We have to go, it's a special, errrrrrrrrrrrrrrrrrrrrrrrrrrrrrrrrrrrrrrrrrrrrrrrrrrrrrrrrrrrrrrrrrrrrrrrrrrrrrrrrrrrrrrrrrrrrrrrrrrrrrrrrrrrrrrrrrrrrrrrrrrrrrrrrrrrrrrrrrrrrrrrrrrrrrrrrrrrrrrrrrrrrrrrrrrrrrrrrrrrrrrrrrrrrrrrrrrrrrrrrrrrrrrrrrrrrrrrrrrrrrrrrrrrrrrrrrrrrrrrrrrrrrrrrrrrrrrrrrrrrrrrrrrrrrrrrrrrrrrrrrrrrrrrrrrrrrrrrrrrrrrrrrrrrrrrrrrrrrrrrrrrrrrrrrrrrrrrrrrrrrrrrrrrrrrrrrrrrrrrrrrrrrrrrrrrrrrrrrrrrrrrrrrrrrrrrrrrrrrrrrrrrrrrrrrrrrrrrrrrrrrrrrrrrrrrrrrrrrrrrrrrrrrrrrrrrrrrrrrrrrrrrrrrrrrrrrrrrrrrrrrrrrrrrrrrrrrrrrrrrrrrrrrrrrrrrrrrrrrrrrrrrrrrrrrrrrrrrrrrrrrrrrrrrrrrrrrrrrrrrrrrrrrrrrrrrrrrrrrrrrrrrrrrrrrrrrrrrrrrrrrrrrrrrrrrrrrrrrrrrrrrrrrrrrrrrrrrrrrrrrrrrrrrrrrrrrrrrrrrrrrrrrrrr special air. Then almost made me ship my pants. You're determined to end this on a note
about you taking it. Hi, dude. Thanks so much. Joe Yonetti, you can check out actually
suckers in its entirety is on YouTube for free. Yeah, you can download the fucking thing.

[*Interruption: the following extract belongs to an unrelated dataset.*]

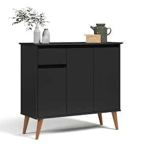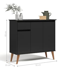 Aparador Amsterda Preto Buffet aparador foi projetado para agregar diferentes espaços e ambientes, proporcionando elegância, charme e sofisticação. Conta com uma gaveta para organização de objetos com corrediças telescópicas deixando a abertura e o fechamento muito mais delicado e macio, que aumentando a durabilidade do produto. Dimensões do produto montado: Altura: 83 cm Largura: 93 cm Profundidade: 35 cm Características: - Material MDF/MDP - Cor preto - Nicho - Pés - Prateleira - Porta - Gaveta Itens Incluso: 01 Aparador. Kit completo para montagem. Manual de montagem. Observações: - Não nos responsabilizamos pela montagem do produto. - Sistema de Montagem: Parafusos, Cavilhas e Tampos. - É recomendado que a montagem seja feita por um profissional qualificado. - As imagens indicam uma sugestão de uso e são apenas ilustrativas, os objetos decorativos não estão inclusos. - Ao iniciar a montagem, forre o chão com o papelão das embalagens para proteger as peças de arranhões. Instruções e Cuidados: Limpar com pano seco, manter em lugar livre de umidade, ao abrigo de exposição direta ao sol. GARANTIA DO FABRICANTE: 3 | QUANTIDADES DE CAIXAS DE EMBALAGEM: 1 | COR PREDOMINANTE: PRETO | CORES DO PRODUTO (FILTRO DE CORES): PRETO | DESCRIÃ?Ã?O DO TAMANHO: 83X93X35 | MATERIAL PRINCIPAL: MDF/MDP | ESTADO DE ORIGEM: SP | INSTRUÃ?Ã-ES/CUIDADOS: Limpar com pano macio e seco, nÃo utilizar produtos abrasivos. | PRODUTO PRECISA DE MONTAGEM?: Sim, a montagem à facil mas sugerimos a contrataÃÃo de um montador profissional para a montagem do produto. NÃo nos responsabilizamos por danos causados no ato da montagem. | ALTURA DO PRODUTO (CM): 83 | LARGURA DO PRODUTO (CM): 93 | COMPRIMENTO DO PRODUTO (CM): 35 | PESO DO PRODUTO (KG): 26 | ALTURA DO PRODUTO COM EMBALAGEM (CM): 15 | LARGURA PRODUTO COM EMBALAGEM (CM): 38 | COMPRIMENTO PRODUTO COM EMBALAGEM (CM): 98 | PESO PRODUTO COM EMBALAGEM (KG): 26 | PRODUTO: APARADAOR | MARCA: CASAH | QUANTIDADE DE PORTAS: 3 | QUANTIDADE DE PRATELEIRAS: 1 | QUANTIDADE DE NICHOS: 2 | QUANTIDADE DE GAVETAS: 1

It's called suckers part one, part two.
It's a fucking great movie.
Yeah, but you can get it on like those bit torrents
and shit.
Yeah, you can get on the bit torrents.
So you can go buy it and give Joe a little cash.
No, I don't get anything.
All right, then just go fucking steal it.
And Joe, Joe on Twitter.
Yes, what's your name?
Yeah, Joe, Joe Yenetti.
At Twitter, I guess.
At Spellac, because Yenetti's a hard one. Yes, what's your name? Yeah, Joe Yunetti at that Twitter. I guess I smell it cuz you're net is a heart. Oh J. O. E
Y. A. N. N. E. T. T. Y. And
Joe you're netty on Facebook check them out. Yeah, it's one of my favorite favorite guys in the business one of the funniest guys
hilarious and we gotta get you to do uncle cheesy next time
All right, um, what are you crying for? Oh, it's fucking hilarious.
And thanks for coming on, brother.
I love you.
Thanks.
Good to see you.
Bye, bye.
Thanks again for listening to another episode.
If you know what, dude, podcast on gloryholeradio.com.